I am dealing with a data set consists of 13 features and 550068 rows. I did k-fold cross validation and selected k value as 10, and then selected the best model which has least root mean square error in my case the model is Gradient boosting regressor. Then I did hyperparameter tuning here is my code:

from sklearn.ensemble GradientBoostingRegressor
gradientboost = GradientBoostingRegressor(n_estimators = 300)
from sklearn.model_selection import RandomizedSearchCV
loss = ['ls', 'lad', 'huber']
n_estimators = [100, 500, 900, 1100, 1500]
max_depth = [2, 3, 5, 10, 15]
min_samples_leaf = [1, 2, 4, 6, 8] 
min_samples_split = [2, 4, 6, 10]
max_features = ['auto', 'sqrt', 'log2', None]

# Define the grid of hyperparameters to search
hyperparameter_grid = {'loss': loss,
    'n_estimators': n_estimators,
    'max_depth': max_depth,
    'min_samples_leaf': min_samples_leaf,
    'min_samples_split': min_samples_split,
    'max_features': max_features}

# Set up the random search with 4-fold cross validation
random_cv = RandomizedSearchCV(estimator=gradientboost,
            param_distributions=hyperparameter_grid,
            cv=4, n_iter=50,
            scoring = 'neg_mean_absolute_error',n_jobs = 4,
            verbose = 5, 
            return_train_score = True,
            random_state=42)
random_cv.fit(features,target)

its taking a lot of time for hyperparameter tuning it almost took 48 hours but not yet completed.I tried different different n_jobs and n_iters and cv values but the process is not speeding up.enter image description here.I also divided my dataset into 5 equal parts and tried parameter tuning on single part

dataframe_splits = np.array_split(dataframe, 5)
features = dataframe_splits[0].drop(columns= 
['Purchase','User_ID', 'Product_ID'])
target = dataframe_splits[0]['Purchase']

But it is not working.
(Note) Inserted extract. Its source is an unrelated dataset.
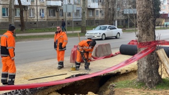 В Керчи 22 марта водоканал продолжает работы на улице Горького по замене канализационного коллектора. Напомним, что на прошлой неделе в этом месте провалилась часть дороги, через несколько дней здесь начались активные работы, - передает Керчь.ФМ.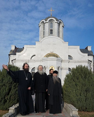 Его Высокопреосвященству сослужили архиепископ Пятигорский и Черкесский Феофилакт, архиепископ Махачкалинский и Грозненский Варлаам, епископ Георгиевский и Прасковейский Гедеон, епископ Солнечногорский Алексий, наместник Данилова ставропигиального мужского монастыря Москвы.

It's taking a lot of time for single part also. I am using windows10 os and processor intel i5 7th generation.can any one help me to figure out this problem. Thanks in advance.


Solution

  • It's a combination of couple of things:

    • having half a million samples,
    • using gradient boosting with lot's of ensembles,
    • having a big search grid generally
    • doing 10 fold k validation.

    Training such thing on a local machine will not get you far. If you are not training a production grade model(but more like a side or university project), try these things:

    • make your sample much smaller (say 10k samples),
    • try to get a good understanding of what each hyperpameter does and how gradient boosting works. For example in your grid the loss function you use is not going make such a huge difference, whereas you are missing a very important parameter 'learning_rate'. Same goes for 'max_features' - 'auto' and 'none' do the same thing essentially, and it's a good idea to try to experiment with some floats there.
    • tune less parameters. Currently you are sampling 50 out of 3 * 5 * 5 * 5 * 4 * 4 = 6000 possible combinations. You could start with a smaller grid (say 100/200 possible combinations) and sample less combinations, see what parameters make the biggest change and then try to fine tune them, couple at a time, but not all at a time. The most expensive parameter there is 'n_estimators', since it puts 'n_estimators' trees together into an ensemble to form a full model. Finding an approx number of estimators that are on the edge of 'bias/variance' trade-off first and then putting it into the grid would be a good start.
    • decrease the number of k to 8 or even 5, this should reduce the running time drastically straight away.

    If you are doing it for a production scale and want to use the whole dataset, you would need to get some extra powerful computational resources, such as a Virtual Machine and/or use a different package for training gradient boosted trees, such as xgboost or LightGBM. Both of those should support GPU training, so if you have a CUDA GPU you can use it as well.